Collection entries:
══════════════════════════════

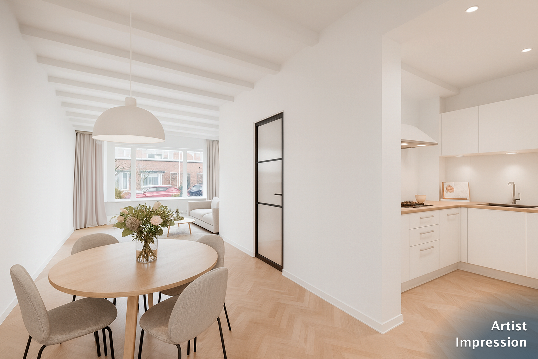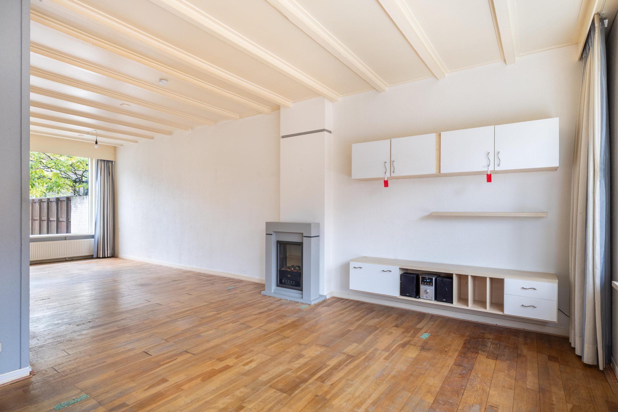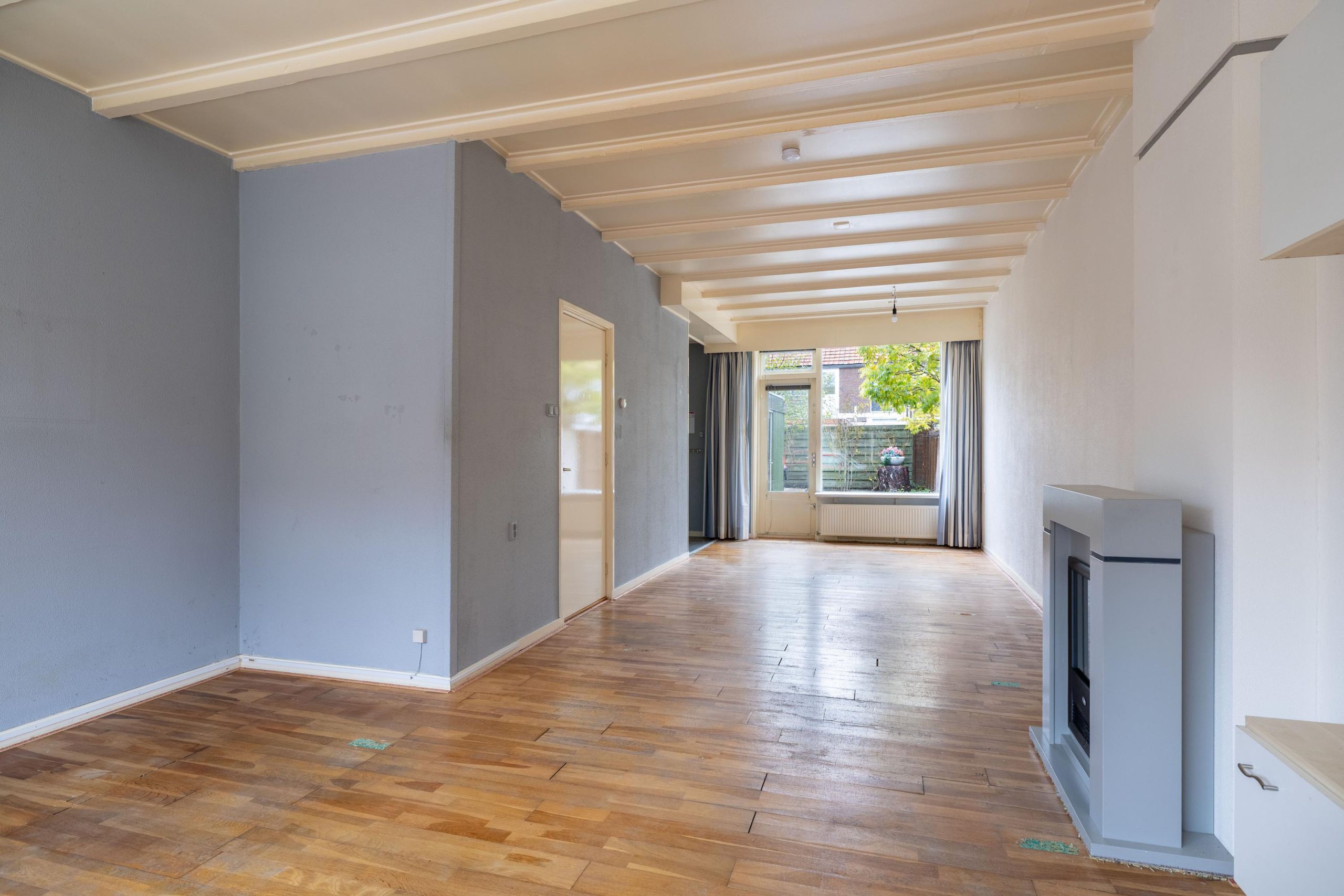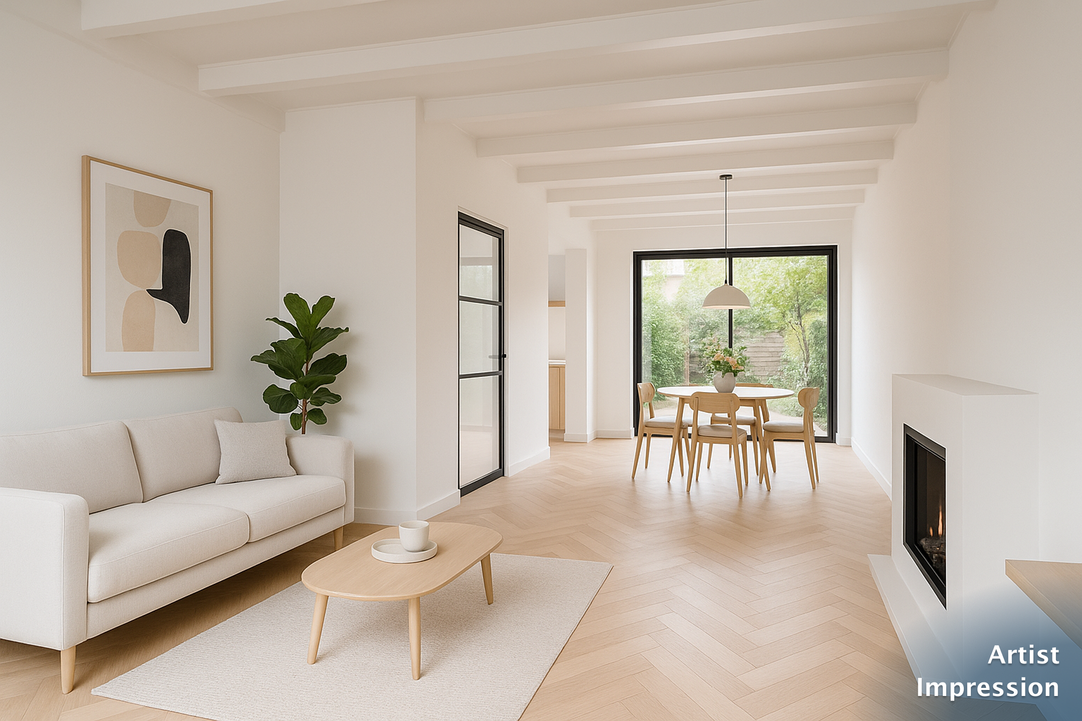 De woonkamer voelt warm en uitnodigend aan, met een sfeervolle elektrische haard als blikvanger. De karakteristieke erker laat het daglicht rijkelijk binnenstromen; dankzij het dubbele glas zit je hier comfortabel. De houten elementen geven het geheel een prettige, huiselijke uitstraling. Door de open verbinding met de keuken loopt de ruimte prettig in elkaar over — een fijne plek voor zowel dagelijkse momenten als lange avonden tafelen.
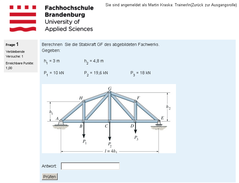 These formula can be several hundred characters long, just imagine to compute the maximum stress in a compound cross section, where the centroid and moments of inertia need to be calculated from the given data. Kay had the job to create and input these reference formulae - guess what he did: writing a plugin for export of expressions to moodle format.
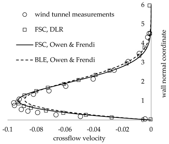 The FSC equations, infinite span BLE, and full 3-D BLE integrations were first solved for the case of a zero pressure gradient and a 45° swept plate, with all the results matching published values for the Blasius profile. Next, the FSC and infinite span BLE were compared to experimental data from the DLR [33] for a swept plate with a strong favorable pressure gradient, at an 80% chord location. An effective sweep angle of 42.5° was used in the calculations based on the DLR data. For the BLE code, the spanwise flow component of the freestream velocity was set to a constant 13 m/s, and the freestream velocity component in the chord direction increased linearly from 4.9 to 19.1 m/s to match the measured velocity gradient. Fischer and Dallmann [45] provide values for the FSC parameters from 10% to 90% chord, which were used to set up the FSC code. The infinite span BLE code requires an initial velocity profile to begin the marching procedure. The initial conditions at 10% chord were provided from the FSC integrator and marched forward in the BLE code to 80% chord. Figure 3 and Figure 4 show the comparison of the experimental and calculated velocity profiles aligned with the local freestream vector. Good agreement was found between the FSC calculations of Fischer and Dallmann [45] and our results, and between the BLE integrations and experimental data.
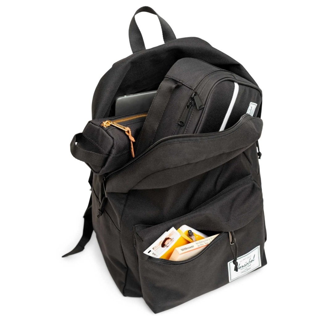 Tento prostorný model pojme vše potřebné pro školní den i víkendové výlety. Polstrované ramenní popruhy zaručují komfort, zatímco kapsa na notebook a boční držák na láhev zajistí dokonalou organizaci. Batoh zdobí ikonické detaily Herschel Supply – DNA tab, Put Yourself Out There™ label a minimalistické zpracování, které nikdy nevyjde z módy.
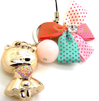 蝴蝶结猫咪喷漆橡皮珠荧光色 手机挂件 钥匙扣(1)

══════════════════════════════

[Task] Write out the records above exactly as they appear, leaving out any pictures.

[Answer area]
 De woonkamer voelt warm en uitnodigend aan, met een sfeervolle elektrische haard als blikvanger. De karakteristieke erker laat het daglicht rijkelijk binnenstromen; dankzij het dubbele glas zit je hier comfortabel. De houten elementen geven het geheel een prettige, huiselijke uitstraling. Door de open verbinding met de keuken loopt de ruimte prettig in elkaar over — een fijne plek voor zowel dagelijkse momenten als lange avonden tafelen.
 These formula can be several hundred characters long, just imagine to compute the maximum stress in a compound cross section, where the centroid and moments of inertia need to be calculated from the given data. Kay had the job to create and input these reference formulae - guess what he did: writing a plugin for export of expressions to moodle format.
 The FSC equations, infinite span BLE, and full 3-D BLE integrations were first solved for the case of a zero pressure gradient and a 45° swept plate, with all the results matching published values for the Blasius profile. Next, the FSC and infinite span BLE were compared to experimental data from the DLR [33] for a swept plate with a strong favorable pressure gradient, at an 80% chord location. An effective sweep angle of 42.5° was used in the calculations based on the DLR data. For the BLE code, the spanwise flow component of the freestream velocity was set to a constant 13 m/s, and the freestream velocity component in the chord direction increased linearly from 4.9 to 19.1 m/s to match the measured velocity gradient. Fischer and Dallmann [45] provide values for the FSC parameters from 10% to 90% chord, which were used to set up the FSC code. The infinite span BLE code requires an initial velocity profile to begin the marching procedure. The initial conditions at 10% chord were provided from the FSC integrator and marched forward in the BLE code to 80% chord. Figure 3 and Figure 4 show the comparison of the experimental and calculated velocity profiles aligned with the local freestream vector. Good agreement was found between the FSC calculations of Fischer and Dallmann [45] and our results, and between the BLE integrations and experimental data.
 Tento prostorný model pojme vše potřebné pro školní den i víkendové výlety. Polstrované ramenní popruhy zaručují komfort, zatímco kapsa na notebook a boční držák na láhev zajistí dokonalou organizaci. Batoh zdobí ikonické detaily Herschel Supply – DNA tab, Put Yourself Out There™ label a minimalistické zpracování, které nikdy nevyjde z módy.
 蝴蝶结猫咪喷漆橡皮珠荧光色 手机挂件 钥匙扣(1)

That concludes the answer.